弁護士の杉本智則は、「現実に社会に大きな結果を生じさせている以上、逮捕や有罪を免れる弁護方法は存在しない」といたずら目的の犯罪予告を非難している[4]。
[編集] 日本における犯罪予告の歴史
[編集] インターネット普及以前
インターネット普及以前は、相手方に手紙を送りつけるなどして害悪を告知し、脅迫罪に問われた事例が多い(口頭での害悪告知が脅迫罪に問われた事例も多いが、「犯罪予告」の範疇からは外れるものと考える)。
- 脅迫罪の成立が肯定された例
- 政治問題について二派の抗争が熾烈になっている時期に、一方の派の中心人物宅に現実の出火もないのに、「出火御見舞申上げます、火の元に御用心」という趣旨の文面の葉書を送付する行為[5]。
- 脅迫罪の成立が否定された例
- 「人殺し、売国奴、貴様に厳烈な審判が下されるであろう」と葉書で告知する行為。文面が婉曲であり、何人の手によって害悪が加えられるか全く不明確であるため(名古屋高判昭和45年10月28日刑月2巻10号1030頁)。
[編集] インターネット普及後
旧来の犯罪予告は、予告対象に手紙や電話を送りつける形態がほとんどだったが、インターネットが普及すると、掲示板サイト、ウィキサイトなどで犯罪予告が書き込まれる事例が増え、逮捕者も続出している。容疑者は、警察の依頼等でサーバが開示したIPアドレスと、インターネットサービスプロバイダが所有する住所・氏名などの情報から特定される。他人の無線LANからアクセスした書き込みで逮捕されるケースもある。
2000年(平成12年)5月3日に発生した西鉄バスジャック事件では犯人が掲示板サイト2ちゃんねるに犯罪予告ととれる書き込みを行っていた。このことが大きく報道されてからは、誘発されるように、2ちゃんねるに犯罪予告を書き込んで逮捕される人間や、それを実行に移し逮捕される人間が続出した。
大きな事件があると、2ちゃんねるに頻繁に書き込まれている殺害・襲撃予告と事件の関連性を関係機関がチェックしているとされる他、警察庁のサイバーフォースが定期的に検索を掛けるようになった。この検索を逃れるために「殺す」を「投す[2]」、「頃(ころ)す」と書き込む者も現れているが、文章内容から殺害予告と判定されることがほとんどである。

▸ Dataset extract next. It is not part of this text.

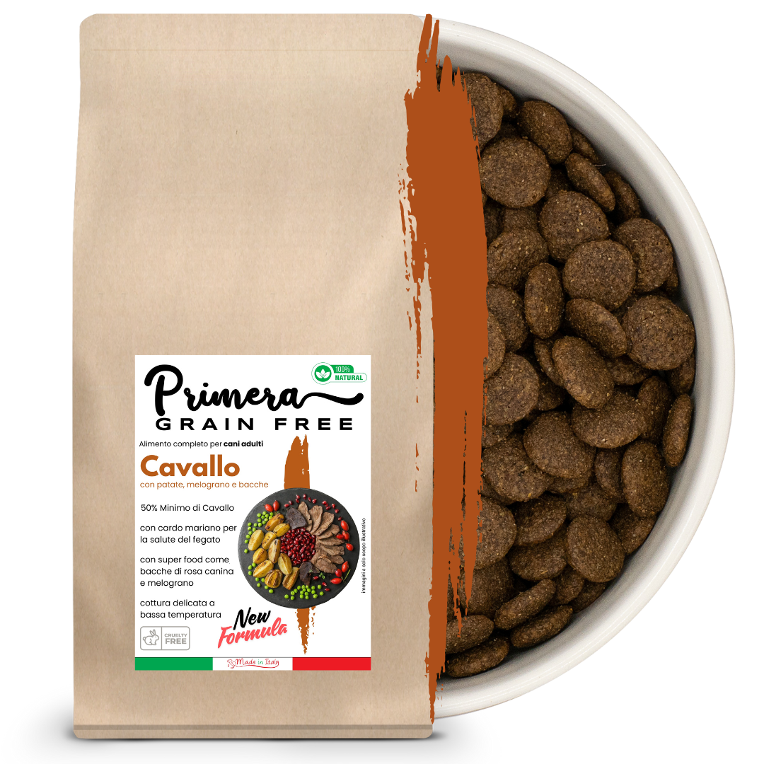 Carne di cavallo disidratata e fresca incluso fegato e frattaglie min. 50%, patate (min. 20%), farina di piselli, oli e grassi animali stabilizzati, semi di lino estrusi (fonte di acidi grassi Omega 3 e Omega 6), polpa di barbabietola essiccata, alghe marine essiccate (0,3%), FOS (fruttoligosaccaridi (0,2%), estratto secco di lievito 0,2% (fonte di MOS mannanoligosaccaridi), sostanze minerali, estratto di yucca schidigera (200 mg/kg), cardo mariano in polvere (200 mg/kg), melograno disidratato (200 mg/kg), bacche di rosa canina in polvere (20 mg/kg)

2008年(平成20年)6月8日の秋葉原通り魔事件でも携帯サイトの掲示板で予告が行われており、犯行直前までの経過が詳細に実況されていた。この事件以後に同様の通り魔事件が多発したことや、犯罪予告そのものが増加したことにより、犯罪予告への対処が社会全体で重要視されるようになり、いたずら目的も含めて厳重に処罰されるようになった。事件後の3ヶ月間で66人が逮捕されている[6]。6月11日には総務大臣が犯罪予告の検知を目的としたシステムを開発する意向を示し、その翌日には民間有志による犯罪予告情報共有サイト「予告.in」が公開された。警察当局は犯罪予告をみたら110番通報するように、掲示板運営者を通じて呼びかけている[7][8]。

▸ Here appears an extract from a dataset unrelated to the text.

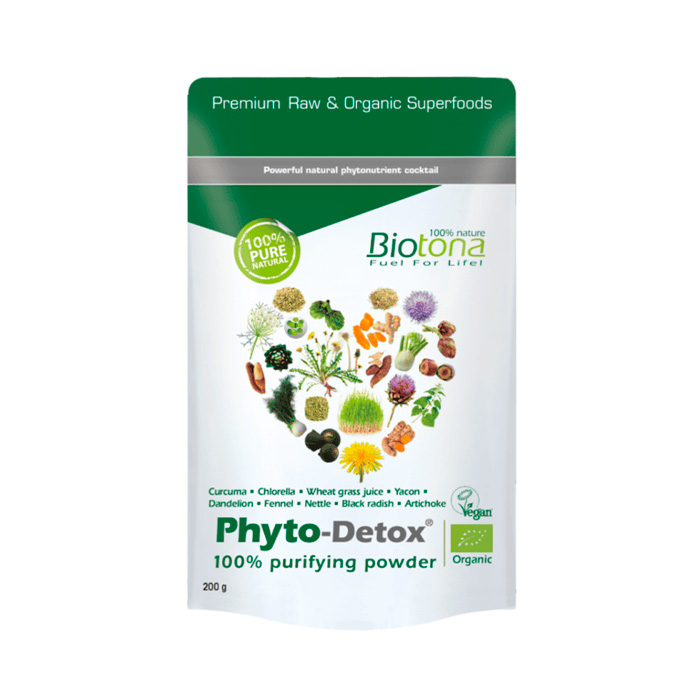 Biotona bio Phyto-Detox® é uma mistura sinergética de pós de plantas secas ao sol, biológicas.

また、殺害予告や襲撃予告に限らず、そのほかにも多種多様な犯罪予告がなされている。たとえば、2010年1月には、「ズボンをはかずにJR山手線に乗ろう。10日午後1時に大塚駅に集合」[9]と呼びかける檄文が、インターネット上に書き込まれた(公然わいせつの予告)。この事態を受け、巣鴨警察署では厳戒態勢を敷き、署長が自ら指揮杖を執り、60名あまりの警察官を率いて巣鴨駅を警戒する騒動となった[9]。
2011年2月には時間を指定して新宿駅前で通り魔殺人事件を起こすという書き込みが行われ、予定時刻には大勢の警察官や野次馬で騒然とした。
[編集] 判例
[編集] 池内ひろ美脅迫事件
評論家の池内ひろ美を脅迫する文章を2ちゃんねるに書き込み、予定されていた池内の講演会を中止させたとして男性が脅迫と威力業務妨害罪で逮捕・起訴された[10]。

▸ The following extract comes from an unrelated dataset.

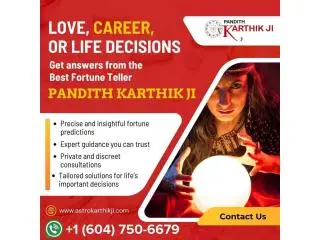 Pandith Karthik Ji is the best fortune teller in Vancouver, offering trusted spiritual guidance for love, career, family, and life decisions through proven intuitive practices. We provide clear fortune readings that help people understand ongoing challenges and future possibilities with confidence and calm. Our experience with spiritual guidance allows us to address relationship confusion, career blocks, financial worries, and emotional stress. We provide honest consultation, practical guidance, and respectful listening to all concerns. Our approach supports personal growth by helping individuals make better choices with clarity and peace of mind. Book a personal appointment with Pandith Karthik Ji today in order to experience genuine fortune guidance.

裁判で男性は、「書き込みは客観的な意見を述べただけで危害を加える意味はなく、脅迫には当たらない」などと無罪を主張したが[11][12]2007年12月14日、東京地方裁判所の石井俊和裁判官は、「書き込みが殺人、放火の犯行予告であることは文面から明らか」と指摘し脅迫罪の成立を認定。男性に懲役1年、執行猶予4年を言い渡した[11]。
[編集] 小女子事件
2008年6月29日、2ちゃんねるに、「小女子を焼き殺す」、「おいしくいただいちゃいます」と書き込み、母校である埼玉県三郷市立丹後小学校の児童約490人を5日間にわたり集団下校させるなど同校教諭らの業務を妨害したとして、男性が威力業務妨害罪で逮捕・起訴された[3]。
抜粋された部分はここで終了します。